A common way to install packages inside your notebook’s virtual environment is to run uv add in a cell. The ! is a shortcut that allows you to run terminal commands. You can put the two together like:
!uv add huggingface_hub tqdm ipywidgets pydantic pandas tenacity scikit-learn matplotlib
Drop that into the first cell of a new notebook and hit the play button in the top toolbar. You should see something like this:

Now let’s import them in the cell that appears below the installation output. Hit play again.

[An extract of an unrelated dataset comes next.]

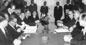 Am 20. März 1952 begannen die Wiedergutmachungsverhandlungen zwischen Israel und Deutschland. Das Abkommen wurde am 10. September (Bild) unterschrieben. |

from huggingface_hub import InferenceClient
If everything is installed, that cell should complete without any errors. If you get an error, check the output from the installation cell to see if there were any issues you need to address.
Remember your API key? You’ll need it now. Copy it from that text file and paste it inside the quotation marks as a variable in a third cell. You should continue adding new cells as you need them throughout the rest of the class.
token = "Paste your key here"
Note
In a more formal setting, you would want to keep your API key secret and not include it directly in your notebook. You could use environment variables to keep it safe. For the sake of simplicity in this class, we’ll just paste it in directly.
Next we need to create a client that will allow us to send requests to Hugging Face’s API. We do that by calling the InferenceClient tool provided by the huggingface_hub library. We need to pass it our API token so it can authenticate our requests.
client = InferenceClient(token=token)
Let’s make our first prompt. To do that, we submit a dictionary to Hugging Face’s chat.completions.create method.
The dictionary has a messages key that contains a list of dictionaries. Each dictionary in the list represents a message in the conversation. When the role is “user” it is roughly the same as asking a question to a chatbot.
{
"role": "user",
"content": "The content of your prompt goes here.",
}
We also need to pick an LLM from the list that Hugging Face supports.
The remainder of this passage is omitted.